Conservation of forest resources is one of the most challenging problems in ecology and environmental science. For maintaining the ecological integrity of forest ecosystem and for preserving biodiversity, knowing forest dynamics is of very importance. The fundamental issue is therefore to predict the variation of tree density caused by random factors.

We have constructed a stochastic forest model of young and old age class trees. The model is performed by stochastic differential equations. The following problems are then discussed.

1. Existence, uniqueness and boundedness of global nonnegative solutions.
2. Conditions for sustainability of the forest as well as existence of a Borel invariant measure.
3. Decline of the forest. When the intensity of noise on the forest is large enough, then both young and old age trees decay.
4. Numerical examples.

Animal Coat Patterns

We know that every species of animals has its proper type of coat patterns but on the other hand in details each individual of a species has its own coat pattern. This uniformity and diversity of different biological level is mysterious and attracts interest of many researchers.

We have constructed a dynamical system for a reaction diffusion system due to Murray, which relies on the use of the Thomas system nonlinearities and describes the formation of animal coat patterns.
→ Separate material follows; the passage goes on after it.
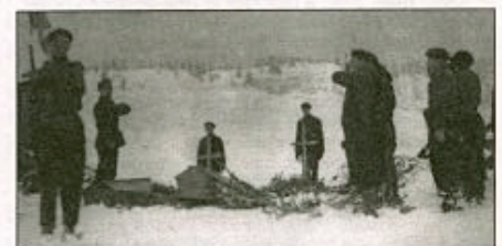
L'enterrement de Tom Morel sur le plateau des Glières

Inhumé le 13 mars, le corps de Tom Morel sera descendu le 2 mai 1944 dans la vallée. Il repose aujourd'hui dans la Nécropole des Glières au cimetière Militaire de Morette.

The following problems are then discussed by using semigroup methods.

1. Existence and uniqueness of global positive strong solutions to the system.
2. Continuous dependence on initial values.
3. Exponential attractors whose fractal dimensions can be estimated.

Stochastic Evolution Equations

Stochastic evolution equations (SEEs) can be used to describe many phenomena in the real world.

1. We have studied mild solutions to linear and semilinear SEEs. Existence of unique solutions, maximal regularity of solution and regular dependence on initial data are discussed.
2. We have presented our definition for strict solutions and studied existence and maximal regularity of solutions to both autonomous and non-autonomous linear SEEs.